Most interesting speaker I hadn't seen before was the somewhat legendary Danny O'Brien talking about the formation of the open rights group and his "Living on the Edge" presentation.
I also got to meet Ben Goldacre, whose work at his Bad Science blog I admire alot.
Lunch with Jon Lim and Tom Morris and some others was great.
The most interesting thing at the conference for me was getting more information about show us a better way, which I became aware of in the last week or two. This is an initiative by the Power of Information Taskforce. They've gotten lots of sources of data from different parts of government, and made them available for people like myself to make mashups with. The most interesting data set to me was the London Gazette - a sample set of which was available as zipped XML, but there is an ongoing project to make the current site include RDFa, which Jeni Tennison and John Sheridan are working on.

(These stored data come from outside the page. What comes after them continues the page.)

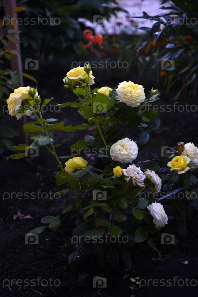 Куст с желтыми розами. Желто-розовый бутон. Сочные жёлтые цветы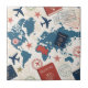 Classic travel-inspired pattern ceramic tile featuring passports, airplanes, travel stamps, compasses, and a light blue world map background. Ideal for travelers, aviation enthusiasts, adventure seekers, and anyone who loves wanderlust aesthetics.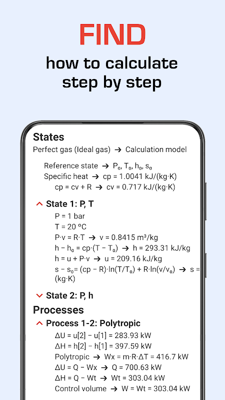 - 状態とプロセスの特性を計算するためのステップバイステップの説明。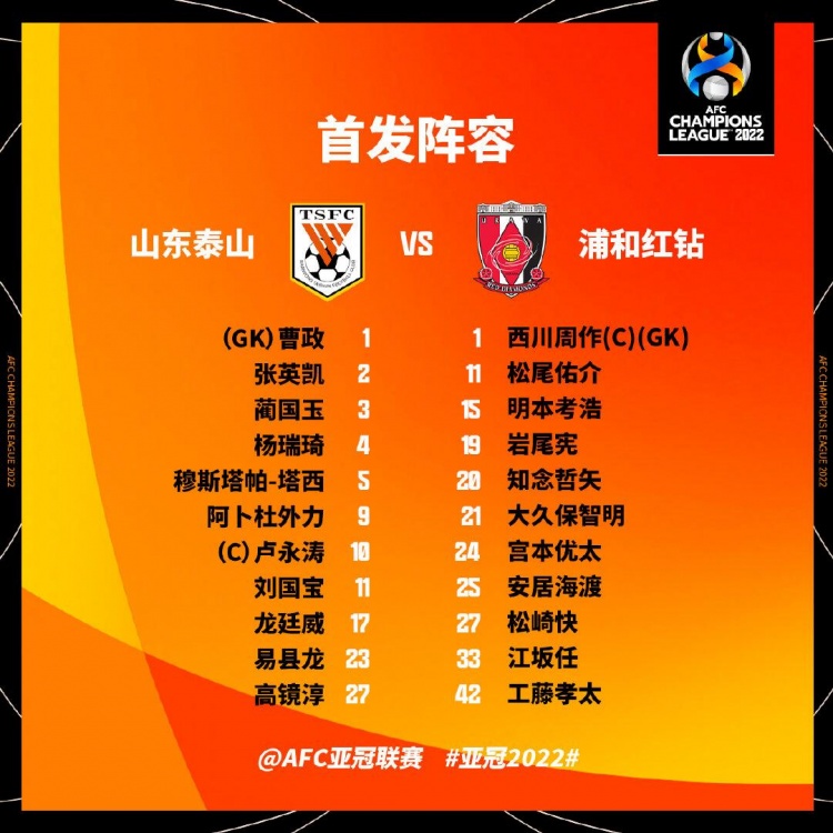 北京时间4月30日,亚冠联赛小组赛迎来最后一轮争夺,山东泰山对阵浦和红钻。赛前双方公布了本场比赛的首发名单。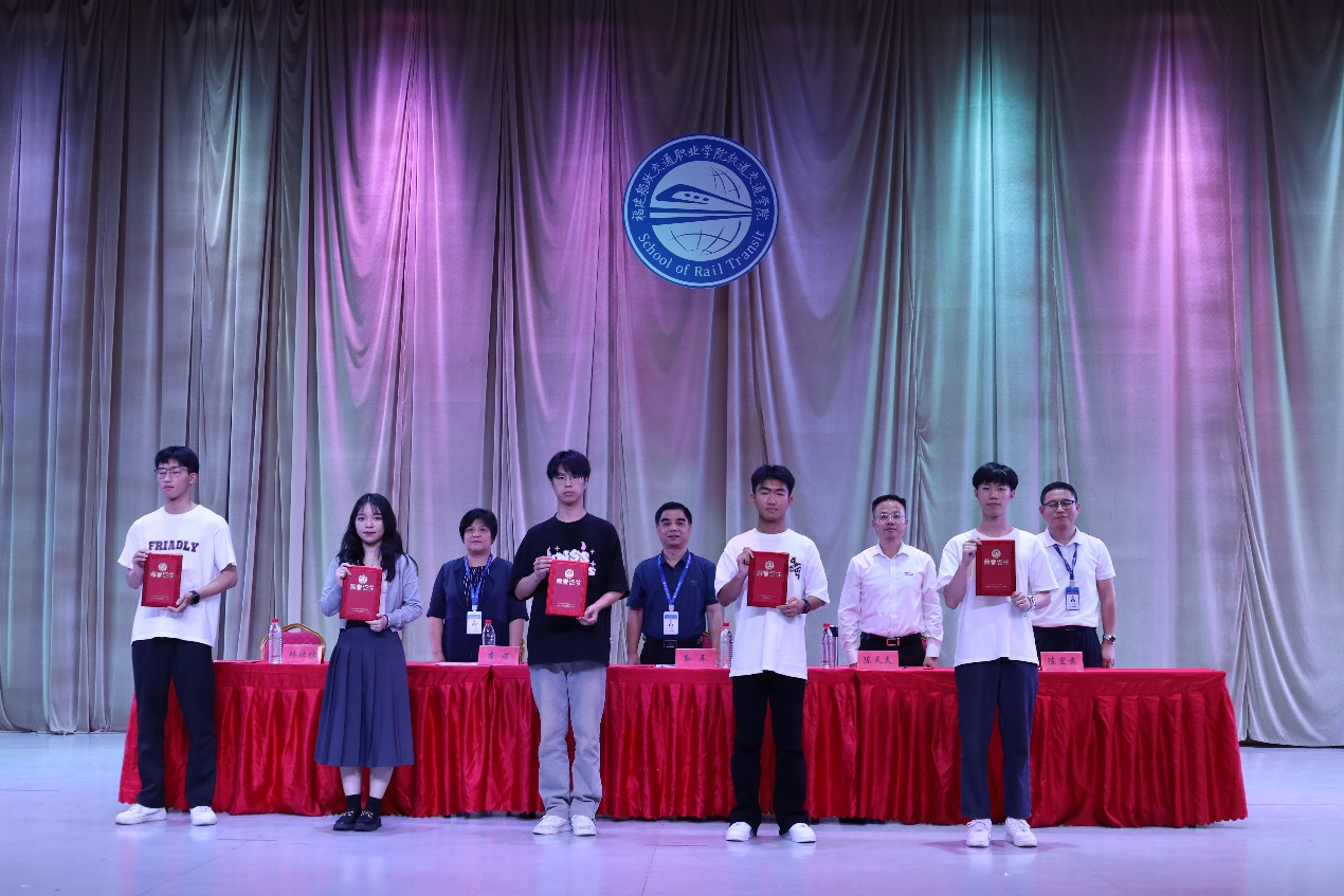 由軌道交通學院副院長季芳宣讀國家獎學金、優(yōu)秀畢業(yè)生、優(yōu)秀學生干部的表彰決定,頒發(fā)榮譽證書。這些榮譽的獲得,是同學們努力的見證,也是對他們未來道路的鼓勵和激勵。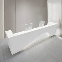This modern curved reception desk is ideal for beauty salons, retail shops, offices, and consulting spaces. Made from eco-friendly board with a clear lacquer finish, it’s durable, smooth, and easy to maintain. The elegant curve adds a professional touch, while the spacious desktop and large storage keep everything organized. Lockable drawers with soft-close rails provide secure, quiet use. Available in multiple colors and sizes to fit your space.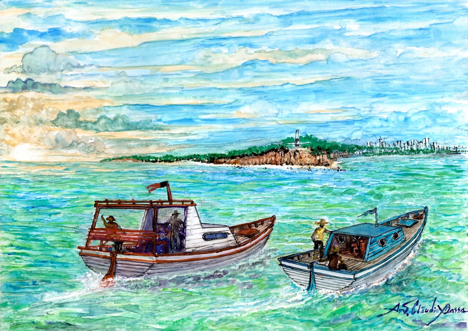 Aquarelas retratando cenários do verão na Capital paraibana serão expostas no restaurante Canoa dos Camarões a partir do dia (22) de janeiro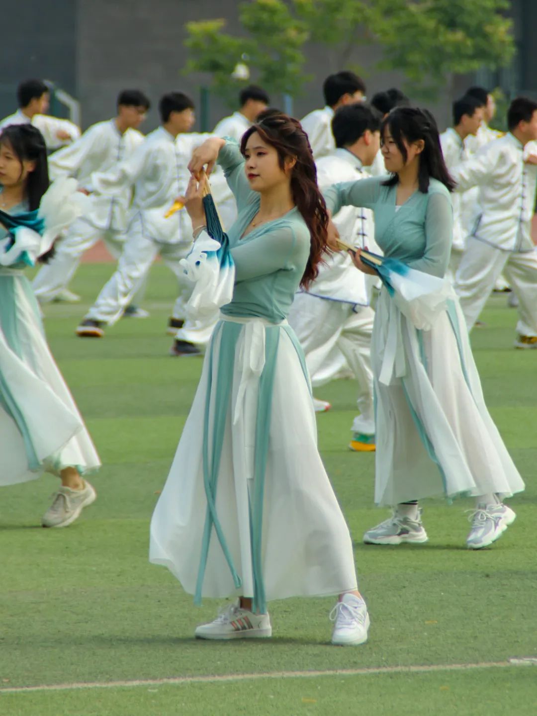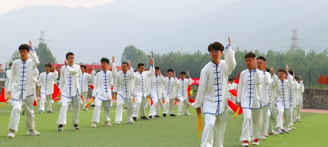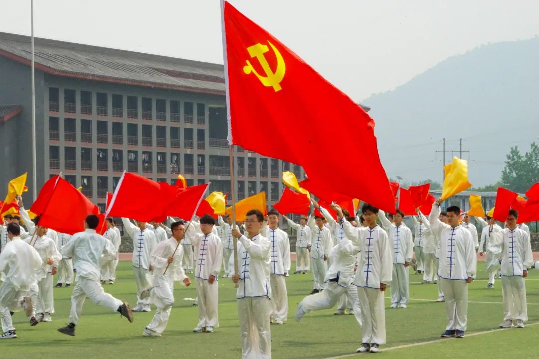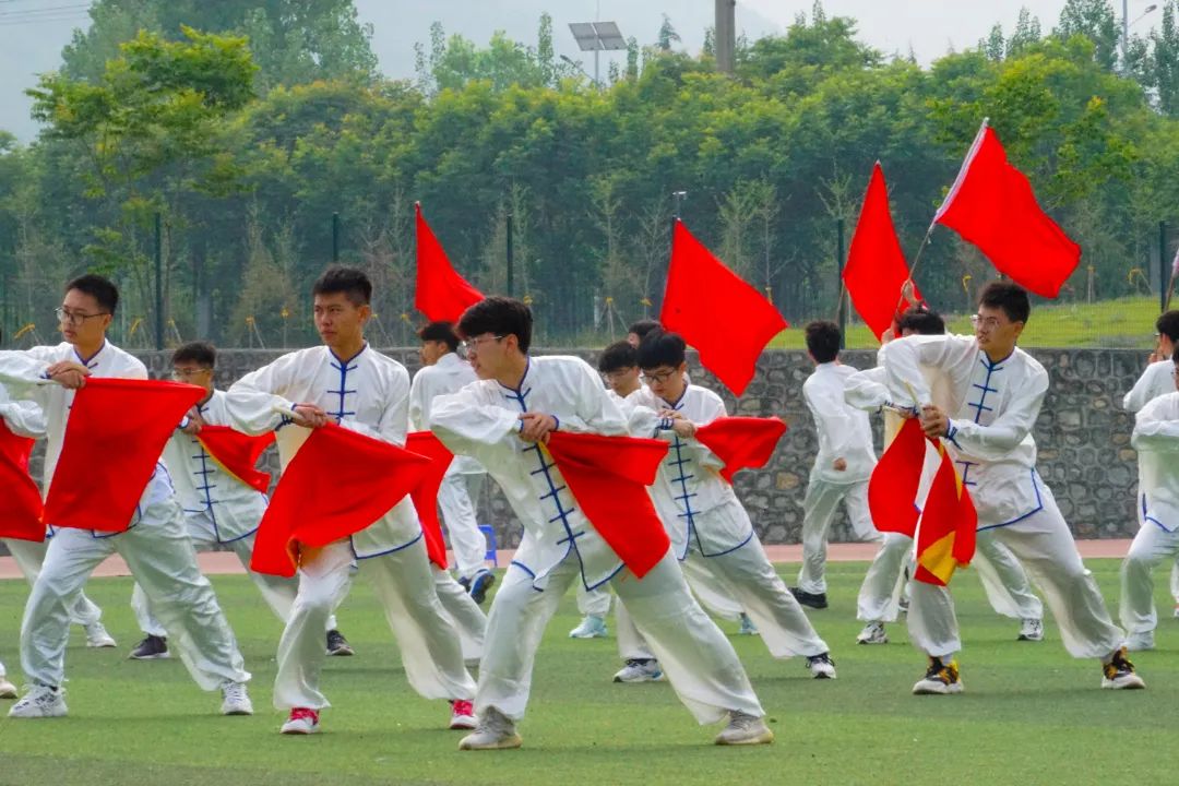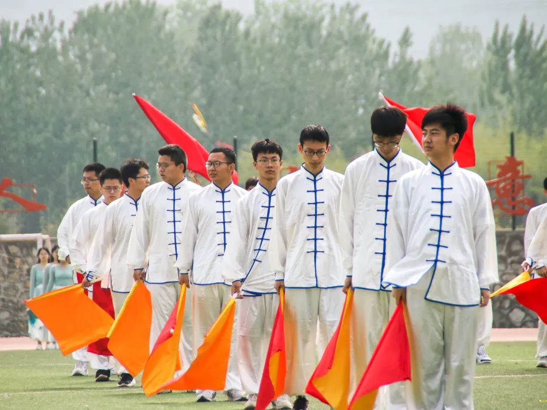 旗手展开阵列整整齐齐的奔跑和挥舞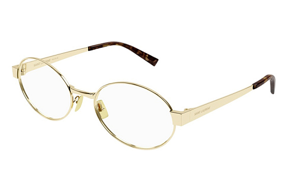 Овальные очки, из материала традиционные металлы и цвете золото помогут понять основные черты новой коллекции оправ модного бренда SAINT LAURENT.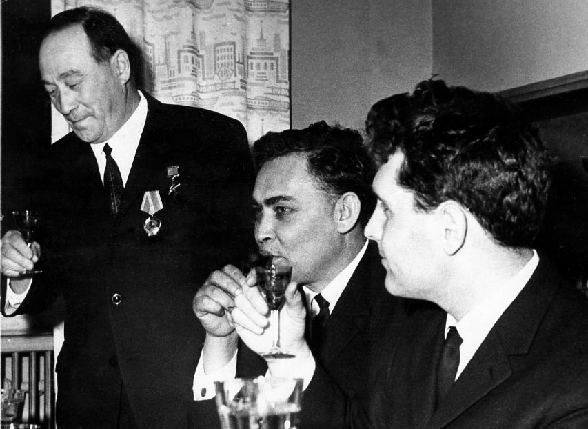 1969 год. Академику Л.В. Киренскому, организатору и первому директору Института физики Сибирского отделения Академии наук СССР (ИФ СО АН СССР), было присвоено звание Героя Социалистического Труда. После вручения Ордена Ленина и золотой медали «Серп и молот» в Москве. Слева направо: Л. В. Киренский, И.А. Терсков, заместитель директора по научной работе Института физики, Ю.В. Захаров, ученый секретарь института.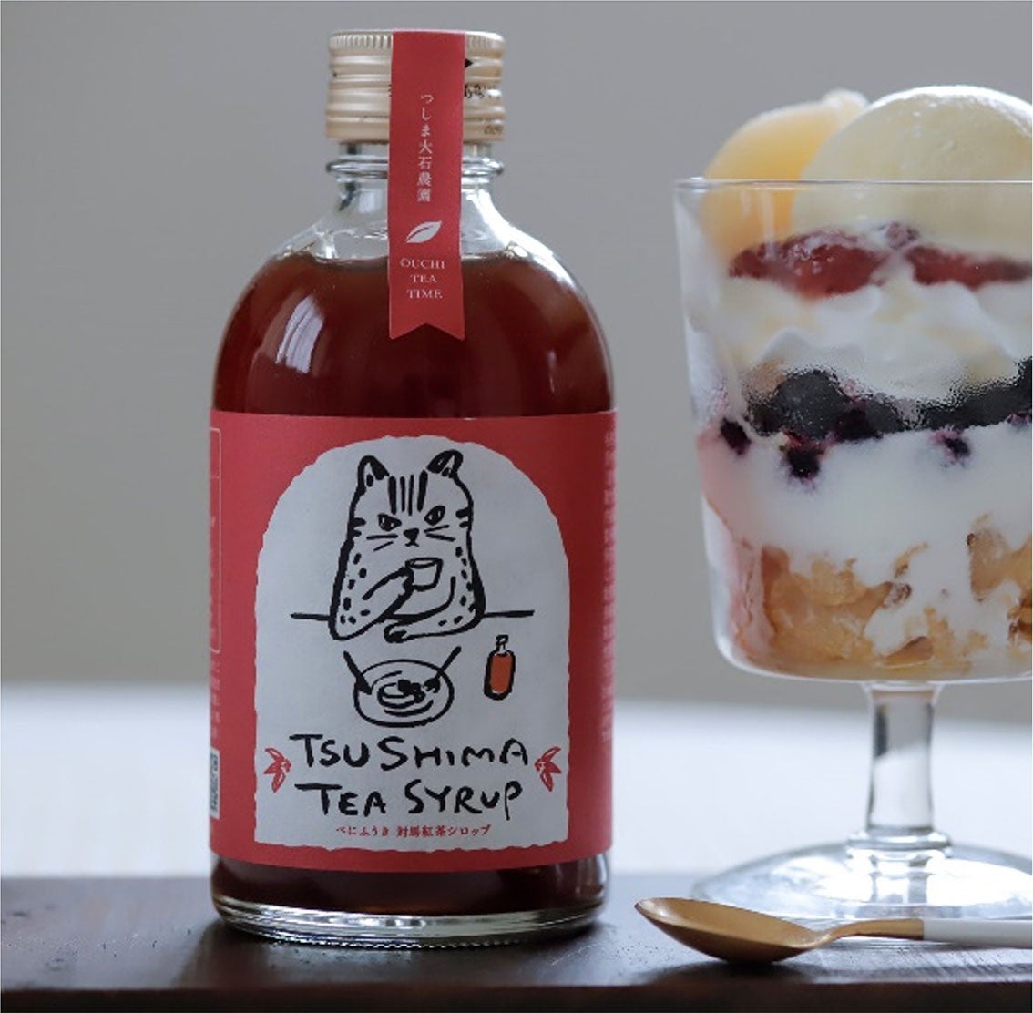 対馬で栽培する「べにふうき」をつかった国産紅茶のシロップです。ミルクで割ったり、アイスにかけたりと幅広い用途でご利用いただけます。ツシマヤマネコをデザインした落ち着いたボトルは、猫好きな方に人気です。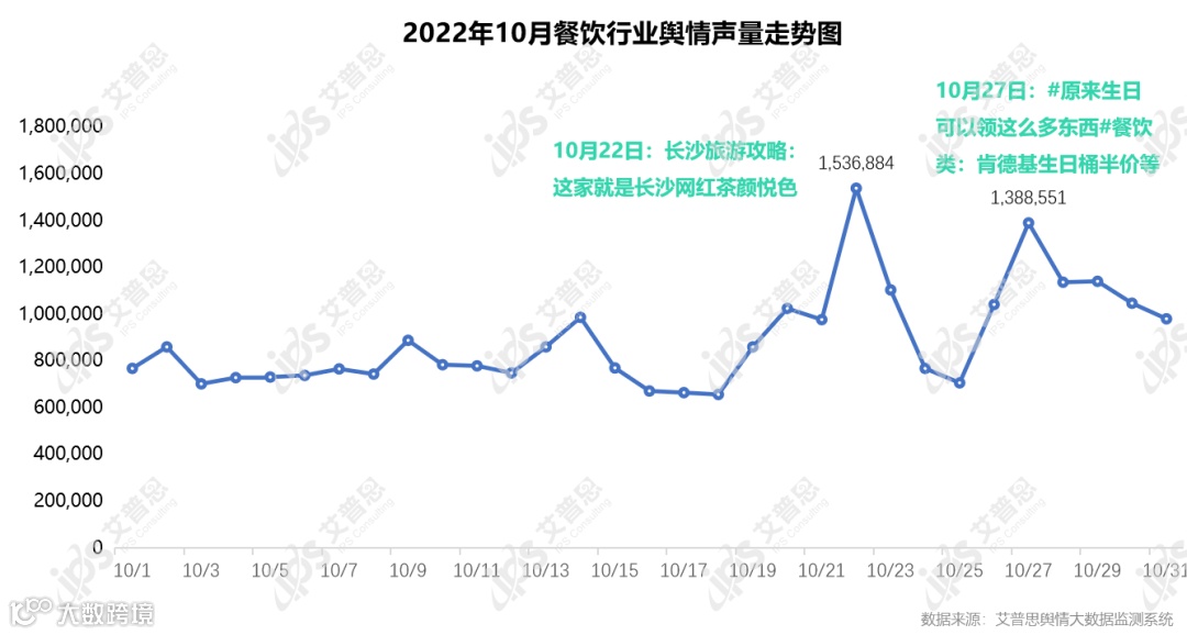 艾普思舆情大数据监测系统显示,10月,涉及餐饮行业的舆情声量为27,508,625篇次,较上月有小幅度下降(24,894,177篇次),日均声量达887,375篇次。从声量走势来看,10月餐饮行业舆情态势上旬整体波动较平稳,下旬整体波动较大,出现两个极值,主要由话题“长沙旅游攻略提及茶颜悦色”、“生日在餐饮类可以领这么多东西”带动声量。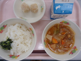 米飯♪小松菜漬♪酢豚♪えびしゅうまい♪牛乳♪エネルギー756kcal、たんぱく質29.3g、脂質22.7g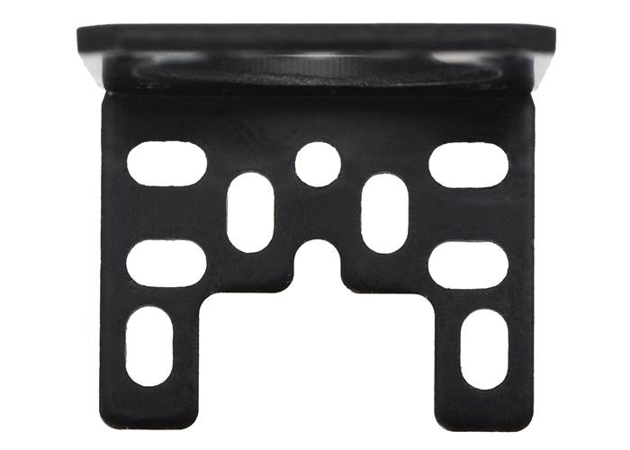 This lightweight (about 15 g) but strong bracket is made from 3mm-thick black anodized aluminium and is specifically designed to work with the typical faceplate mounting holes of NEMA 17 stepper motors. The slots through which the motor mounts to the bracket allow for 2 mm of play for fine-tuning position, and four 6 mm M3 screws are included for securing the motor to the bracket (note: these M3 screws work with all of the NEMA 17 stepper motors we carry; different screws might be required when using this bracket with stepper motors from other suppliers). The other side of the bracket includes a variety of slots and holes that can be used with #6, #8 and M4 screws.

Also, John mentioned the Public Sector Information Unlocking Service, which is a service to help people get information in the right formats or with the right licensing where they're entitled to it. It's really good to see government slowly catching up with providing data for re-use.
Interestingly, they also have a prize fund available to help build ideas (of which there already a large number !).
In the evening, I had the pleasure of eating at Strada with a bunch of people including Rain, Ian Forrester, Emma Persky, Tom Morris, Jeni Tennison, coldclimate, David McBride, Glyn Wintle, Sheila Thomson and some others, which was a perfect end to the day (and the less mentioned about having to sleep for three hours in my car at Fleet services on the way home, the better.)